Start of Block
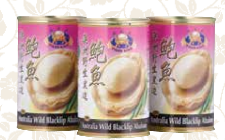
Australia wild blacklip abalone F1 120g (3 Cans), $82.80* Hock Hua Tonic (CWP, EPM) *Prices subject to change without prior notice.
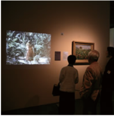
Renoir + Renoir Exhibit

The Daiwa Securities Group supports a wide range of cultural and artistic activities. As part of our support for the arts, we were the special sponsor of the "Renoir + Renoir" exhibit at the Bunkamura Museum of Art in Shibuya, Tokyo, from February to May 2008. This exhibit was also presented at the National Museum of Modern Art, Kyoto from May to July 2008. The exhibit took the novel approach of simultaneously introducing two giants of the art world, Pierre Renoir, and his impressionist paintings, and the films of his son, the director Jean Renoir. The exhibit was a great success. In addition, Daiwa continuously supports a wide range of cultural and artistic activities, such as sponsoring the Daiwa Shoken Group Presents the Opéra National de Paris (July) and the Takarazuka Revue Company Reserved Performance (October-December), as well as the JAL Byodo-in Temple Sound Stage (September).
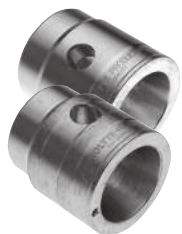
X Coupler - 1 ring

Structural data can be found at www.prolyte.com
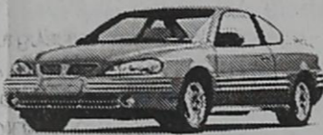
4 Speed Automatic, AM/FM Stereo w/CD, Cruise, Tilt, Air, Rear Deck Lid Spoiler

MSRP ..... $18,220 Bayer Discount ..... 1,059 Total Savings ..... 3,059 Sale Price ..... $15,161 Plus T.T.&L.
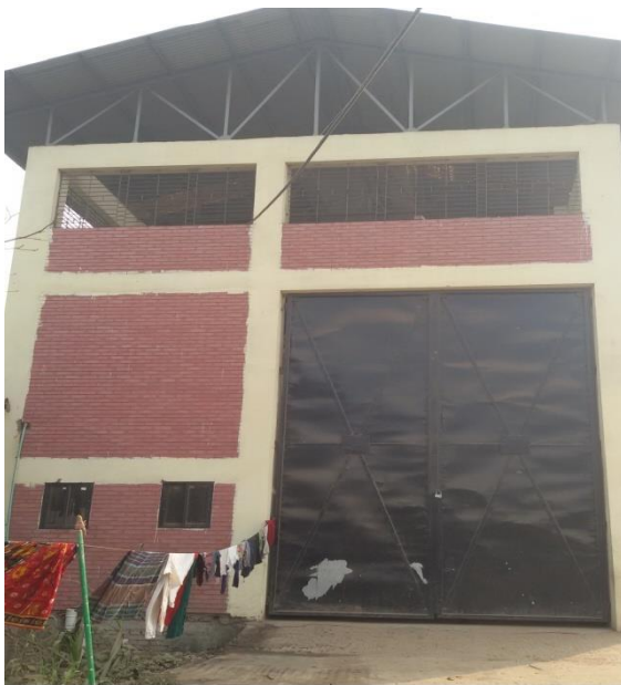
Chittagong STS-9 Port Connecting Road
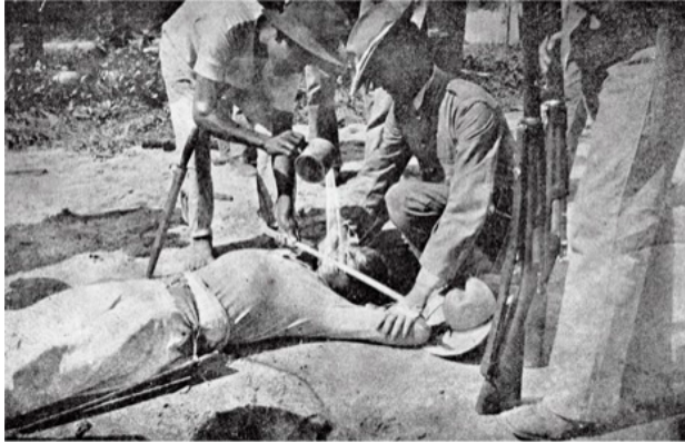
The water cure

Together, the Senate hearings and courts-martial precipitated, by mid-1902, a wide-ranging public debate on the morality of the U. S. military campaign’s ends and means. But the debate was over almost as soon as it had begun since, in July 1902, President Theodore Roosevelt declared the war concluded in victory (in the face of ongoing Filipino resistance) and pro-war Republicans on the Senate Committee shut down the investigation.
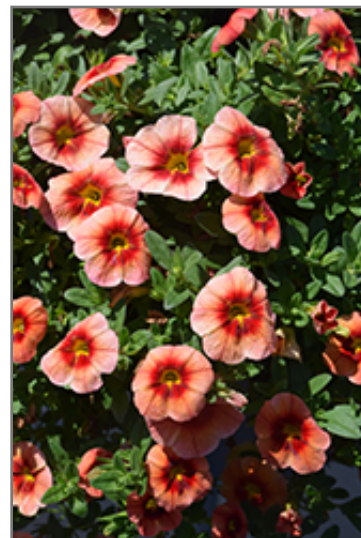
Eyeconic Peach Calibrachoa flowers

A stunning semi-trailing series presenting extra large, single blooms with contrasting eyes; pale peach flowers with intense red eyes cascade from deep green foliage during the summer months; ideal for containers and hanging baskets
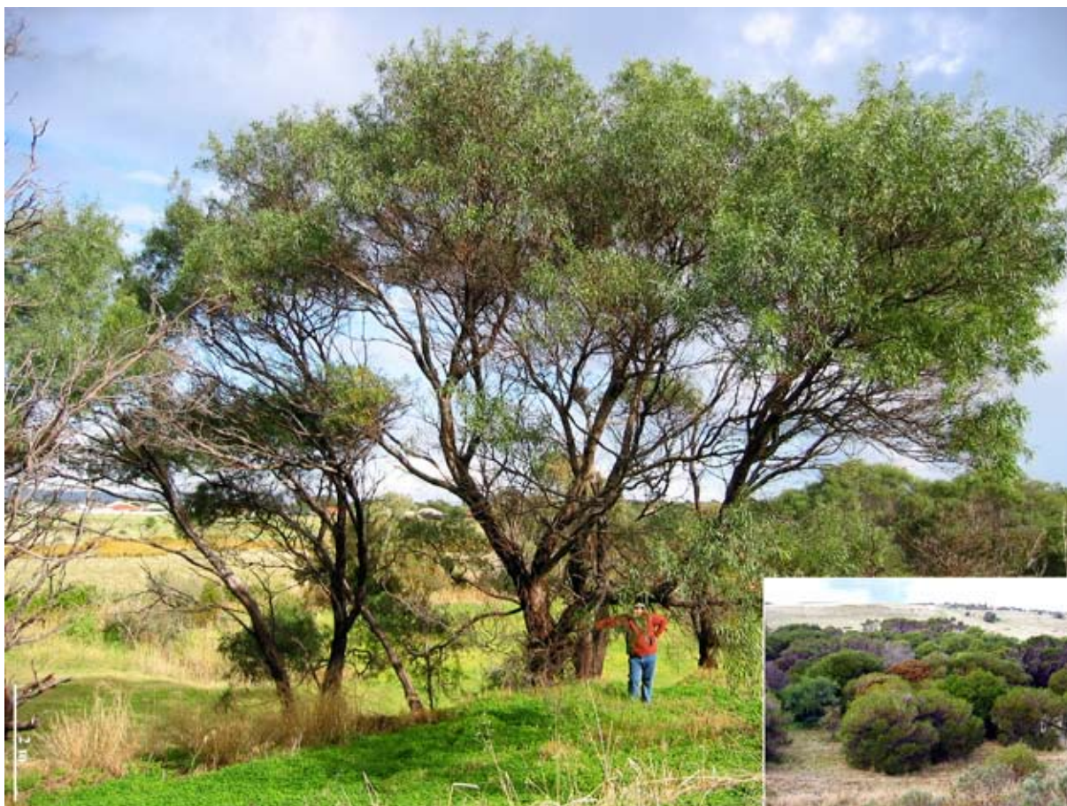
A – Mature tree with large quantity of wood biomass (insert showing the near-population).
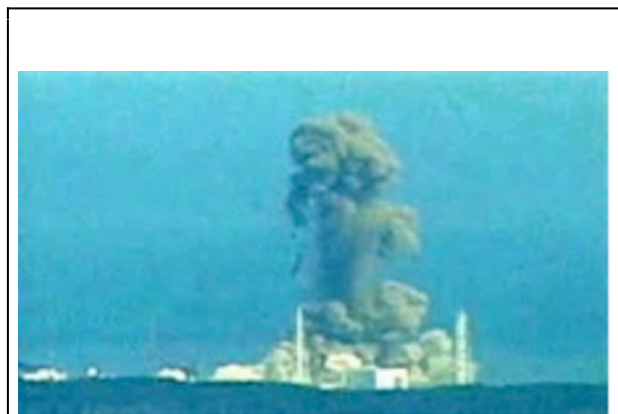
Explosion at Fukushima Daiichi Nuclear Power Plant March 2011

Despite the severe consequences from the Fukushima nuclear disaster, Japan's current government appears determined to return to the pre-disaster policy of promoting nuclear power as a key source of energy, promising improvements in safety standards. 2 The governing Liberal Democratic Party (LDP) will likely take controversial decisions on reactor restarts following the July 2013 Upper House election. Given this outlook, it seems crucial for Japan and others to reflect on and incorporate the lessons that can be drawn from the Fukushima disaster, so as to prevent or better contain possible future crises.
End of Block
WORK TO BE COMPLETED: Scan the material above for lines that contain the string "large", and copy each such line.

OUTPUT OF THE EXERCISE:
A stunning semi-trailing series presenting extra large, single blooms with contrasting eyes; pale peach flowers with intense red eyes cascade from deep green foliage during the summer months; ideal for containers and hanging baskets
A – Mature tree with large quantity of wood biomass (insert showing the near-population).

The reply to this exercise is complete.